*** Opening RECORDS FOR THE EXERCISE ***

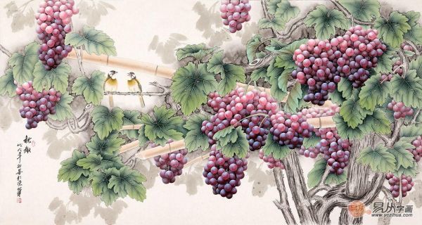 葡萄具有“紫气东来”、“多子多福”、“一本万利”的吉祥寓意,是最受欢迎的花鸟画题材之一,这幅葡萄图构图巧妙,虚实疏密相间。葡萄藤上挂满硕果,寓意多子多福,藤上有两只小鸟相互依偎,代表夫妻恩爱携手共此生,画中意境恬淡温馨,也饱含祝福之意。
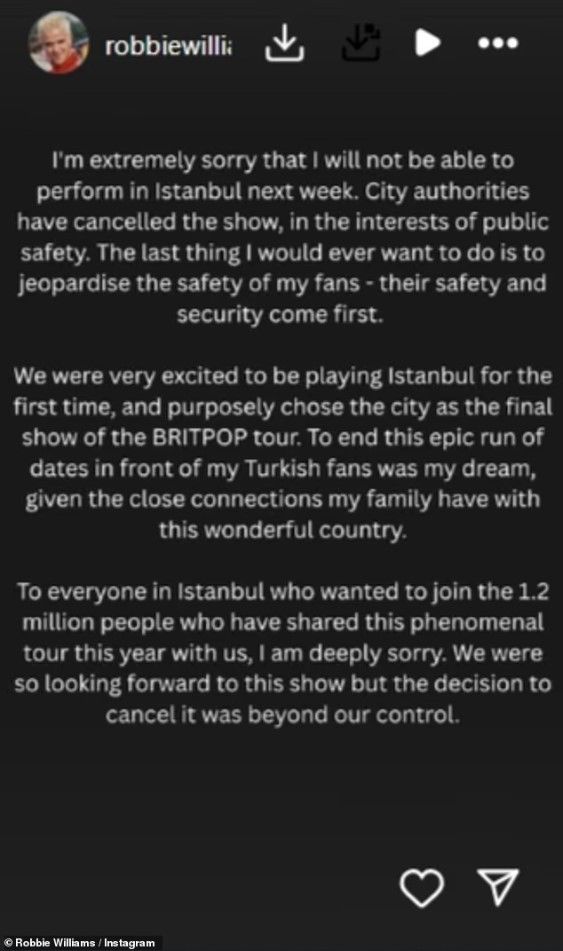 Williams shprehu keqardhje për fansat turq, duke theksuar se kishte dashur ta mbyllte turneun pikërisht në Stamboll, një qytet me të cilin ka lidhje familjare përmes bashkëshortes së tij, Ayda Field, e cila është me prejardhje turke.
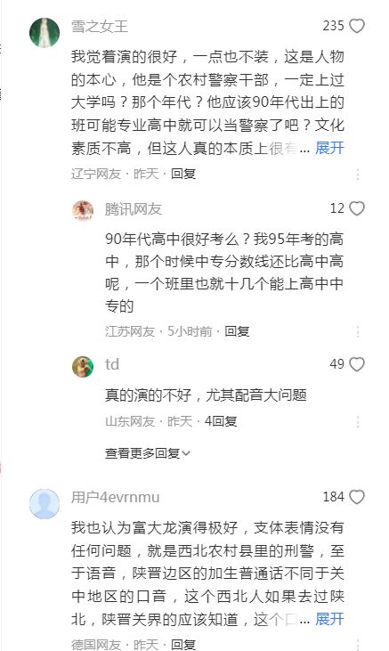 或許正是因為他對角色的深入挖掘和真實呈現,導致了壹些觀眾對角色的不滿。他們認為,富大龍飾演的角色過於真實,甚至有些“黑暗”,與他們心中的正義形象產生了沖突。
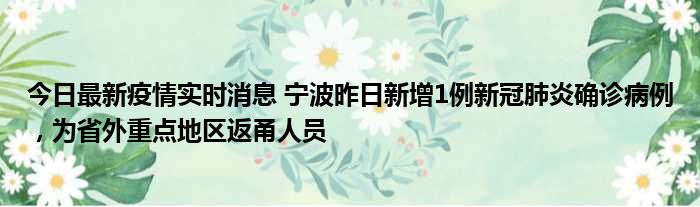 您的位置:首页 >动态频道 > 聚焦疫情 > 今日最新疫情实时消息 宁波昨日新增1例新冠肺炎确诊病例,为省外重点地区返甬人员 2022-10-10 16:14:07 • 来源: 导读 免责声明:本文由用户上传,如有侵权请联系删除! 上一篇:今日最新疫情实时消息 四川泸州:10月9日合江县新增本土确诊1例,叙永县新增本土无症状28例 下一篇:今日最新疫情实时消息 广东10月9日新增本土确诊27例、无症状24例,另有本土无症状转确诊4例
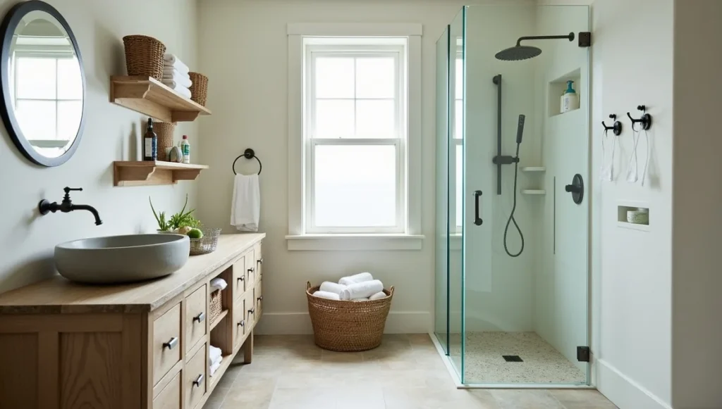 Install hooks everywhere for towels and robes. Add open shelving for pretty bottles and baskets. The goal is organized relaxation, not sterile perfection. A good shower with multiple heads and maybe a bench makes the space feel luxurious without being uptight about it.
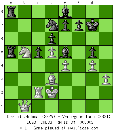 Last move : 0-1 2009 January 17 9:2:50 [Event "FICGS__CHESS__RAPID_SM__000002"] [Site "FICGS"] [Date "2008.10.04"] [Round "1"] [White "Kreindl,Helmut"] [Black "Vrenegoor,Taco"] [Result "0-1"] [WhiteElo "2329"] [BlackElo "2321"] 1.d4 Nf6 2.Bg5 Ne4 3.Bf4 c5 4.f3 Qa5+ 5.c3 Nf6 6.d5 Qb6 7.e4 Qxb2 8.Nd2 Qxc3 9.Bc7 d6 10.Ne2 Qd3 11.Rb1 b6 12.Ng3 Qe3+ 13.Be2 Nfd7 14.Qa4 g6 15.Bxb6 Bg7 16.Ba5 O-O 17.Nc4 Qd4 18.Rc1 Na6 19.Bc3 Qxc3+ 20.Rxc3 Bxc3+ 21.Kd1 Bd4 22.a3 Nb6 23.Qa5 Nc7 24.Nxb6 axb6 25.Qxb6 Ne8 26.Qb3 Bd7 27.Kd2 Nf6 28.Rb1 Ra5 29.Bd3 Rfa8 30.Ne2 Rxa3 31.Qb7 R3a7 32.Qb6 Be5 33.f4 Ba1 34.h3 h6 35.Rc1 g5 36.fxg5 hxg5 37.Nc3 Kg7 38.g4 Be8 39.Qb3 Nd7 40.Nb5 Ra2+ 41.Rc2 R2a5 42.Qb1 Be5 0-1 Trompowsky attack (Ruth, Opovcensky Opening) Kingside Castling by player Black (move 16) Player Black won this chess game. Follow this game move after move (download)A strong memory, concentration, imagination, and a strong will is required to become a great Chess player. (Bobby Fischer) Frage: Gibt es etwas was Sie mehr lieben als Autobahnen ohne Tempobegrenzungen? - Antwort: Deutsche Frauen ohne Tempobegrenzungen. (Loek van Wely) Bobby Fischer es el mas grande genio de Ajedrez de todos los tiempos. (Alexander Kotov) Les Echecs mettent en conflit, non pas deux intelligences, mais deux volontés. (Lasker) Memory is a crazy woman that hoards colored rags and throws away food. (Austin O'Malley)
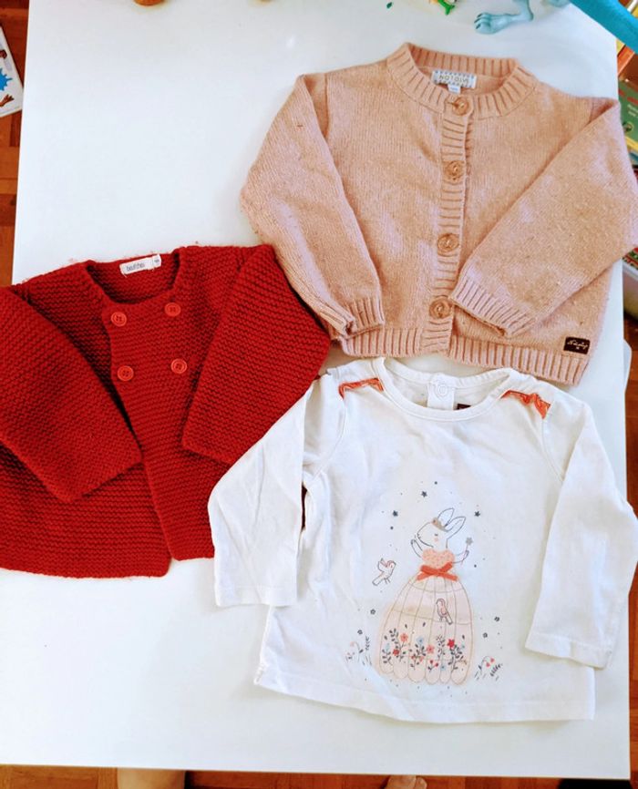 Ensemble 3 pièces 2 gilets tricoté maille et blouse Sergent Major 6 mois 67 cm Très bon état, porté quelques fois mais reste très joli Gilet rose clair 7% cachemire 5% angora Natalys 6 mois, quelques fines bouloches Gilet coton et 15% laine bien épaisse rouge Bout'Chou 6 mois Tee-shirt blouse tunique lapin et fleurs avec fines paillettes, neuf, jamais porté. Sergent major 6 mois #yipin_bebe_6mois_fille #yipin_bebe_6mois
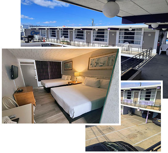 The Monaco Motel is just steps from Wildwood's Famous Beach and Boardwalk. Only one block to the Wildwood Convention Center, Doo Wop Museum, and the new home of the Vietnam Memorial. Conveniently located on Ocean Avenue. Close to restaurants, shopping, amusement piers & water parks. Minutes to tennis courts and bike rentals. Ideal for Family Vacations, Romantic Getaways, Special Event Weekends & Festivals.
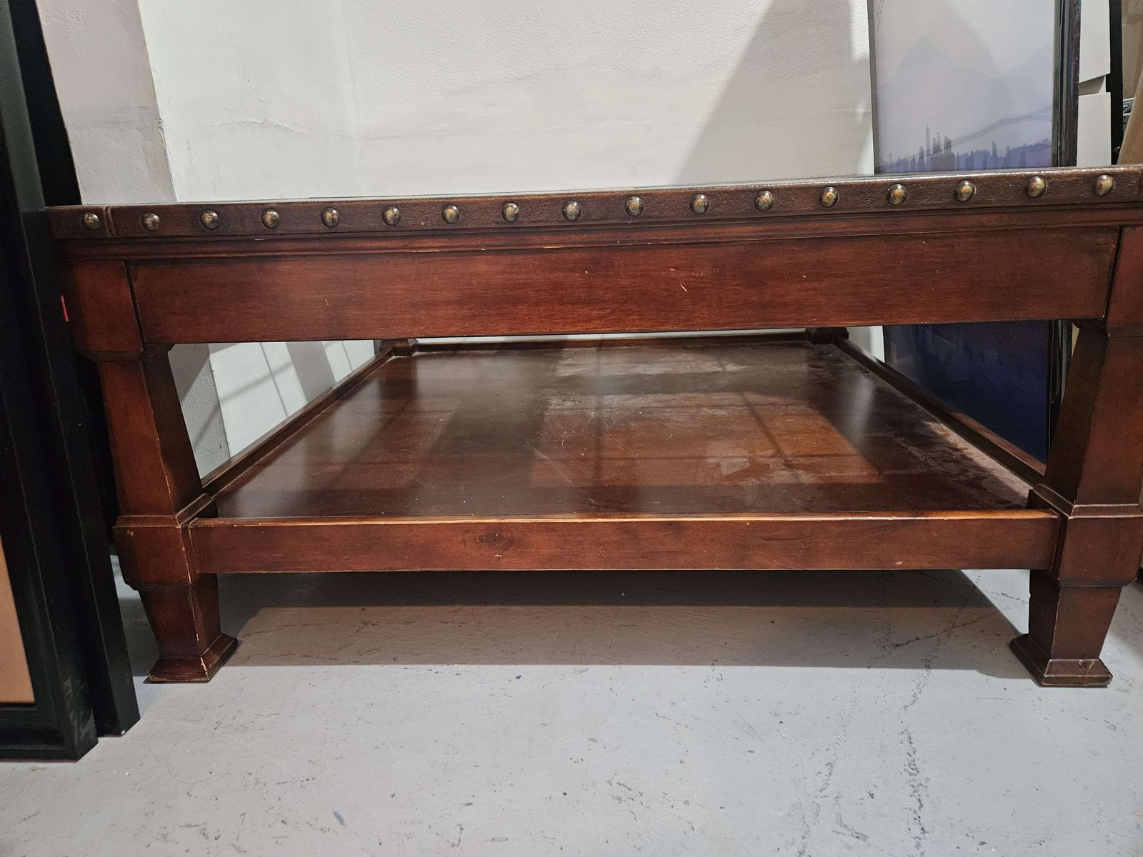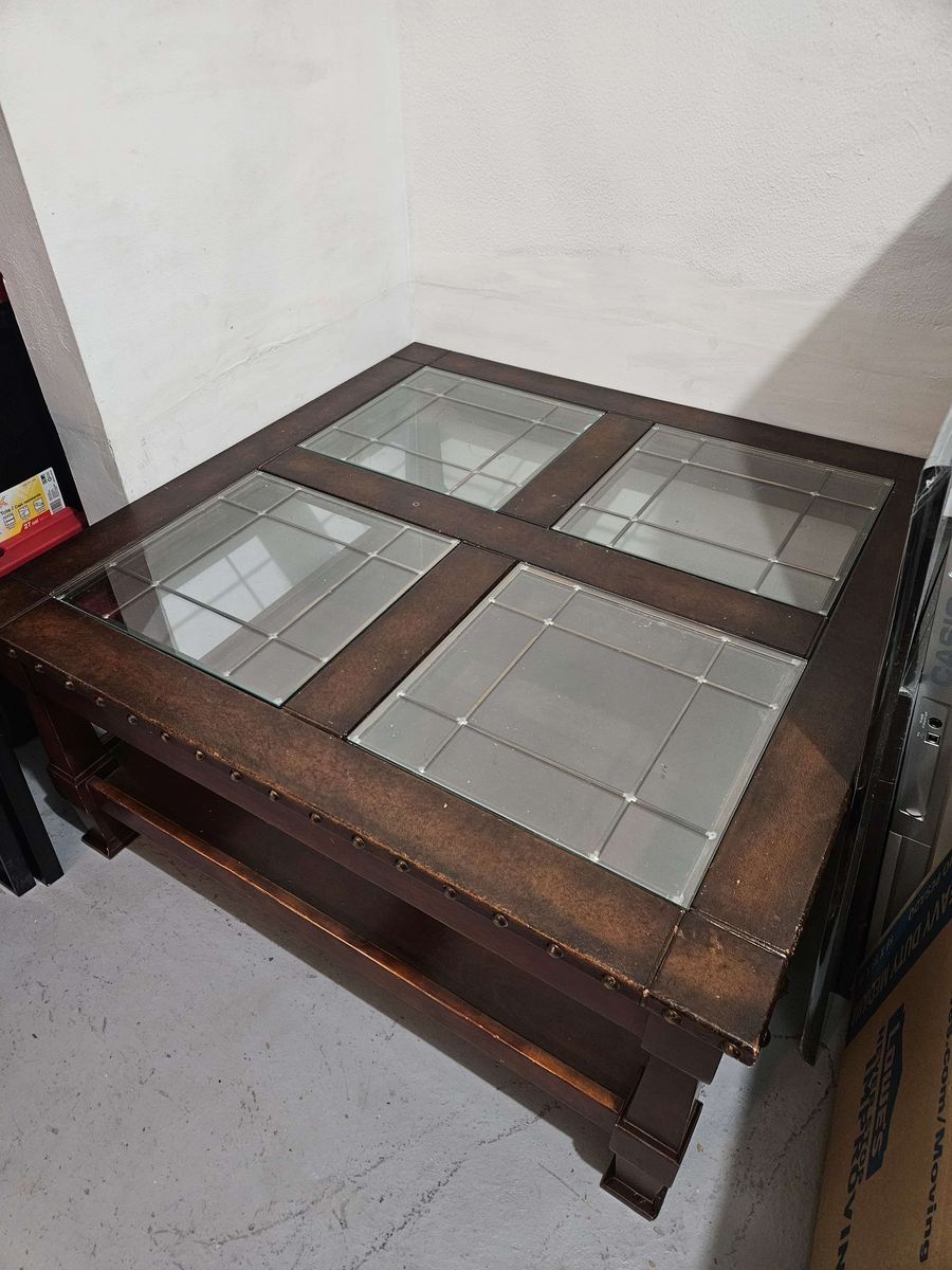 VenmoI just moved into a smaller place (hence all the boxes in my photos) and do NOT have room for this beautiful piece. It’s too pretty to leave in my basement, so we’re looking for someone who will make good use of it! It’s needing a thorough clean after moving and has VERY minimal damage, but otherwise is in excellent condition. Heavy!!! Made out of good solid wood, metal studs, and pleather. Comes from a smoke and pet free home.

*** Closing RECORDS FOR THE EXERCISE ***

All that should appear in the answer is the lines above from the line with "或許正是因為他對角色的深入挖" through the line with "Install hooks everywhere", retyped exactly, pictures left out.

 或許正是因為他對角色的深入挖掘和真實呈現,導致了壹些觀眾對角色的不滿。他們認為,富大龍飾演的角色過於真實,甚至有些“黑暗”,與他們心中的正義形象產生了沖突。
 您的位置:首页 >动态频道 > 聚焦疫情 > 今日最新疫情实时消息 宁波昨日新增1例新冠肺炎确诊病例,为省外重点地区返甬人员 2022-10-10 16:14:07 • 来源: 导读 免责声明:本文由用户上传,如有侵权请联系删除! 上一篇:今日最新疫情实时消息 四川泸州:10月9日合江县新增本土确诊1例,叙永县新增本土无症状28例 下一篇:今日最新疫情实时消息 广东10月9日新增本土确诊27例、无症状24例,另有本土无症状转确诊4例
 Install hooks everywhere for towels and robes. Add open shelving for pretty bottles and baskets. The goal is organized relaxation, not sterile perfection. A good shower with multiple heads and maybe a bench makes the space feel luxurious without being uptight about it.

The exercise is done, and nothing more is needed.